(Description of the task): Print, from the listing below, the lines starting at the line containing "Tappin gjør hybride" and ending at the line containing "Шикарный обруч в", exactly as they stand, and print nothing else.

-------- Material provided

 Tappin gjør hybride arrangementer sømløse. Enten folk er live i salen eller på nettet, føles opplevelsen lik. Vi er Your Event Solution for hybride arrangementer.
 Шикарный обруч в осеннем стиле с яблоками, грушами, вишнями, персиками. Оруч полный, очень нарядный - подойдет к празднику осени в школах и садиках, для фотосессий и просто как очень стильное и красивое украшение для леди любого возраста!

----------------
-------- Material provided

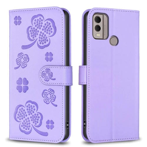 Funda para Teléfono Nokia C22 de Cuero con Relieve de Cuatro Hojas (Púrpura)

----------------

(Output for this exercise):
 Tappin gjør hybride arrangementer sømløse. Enten folk er live i salen eller på nettet, føles opplevelsen lik. Vi er Your Event Solution for hybride arrangementer.
 Шикарный обруч в осеннем стиле с яблоками, грушами, вишнями, персиками. Оруч полный, очень нарядный - подойдет к празднику осени в школах и садиках, для фотосессий и просто как очень стильное и красивое украшение для леди любого возраста!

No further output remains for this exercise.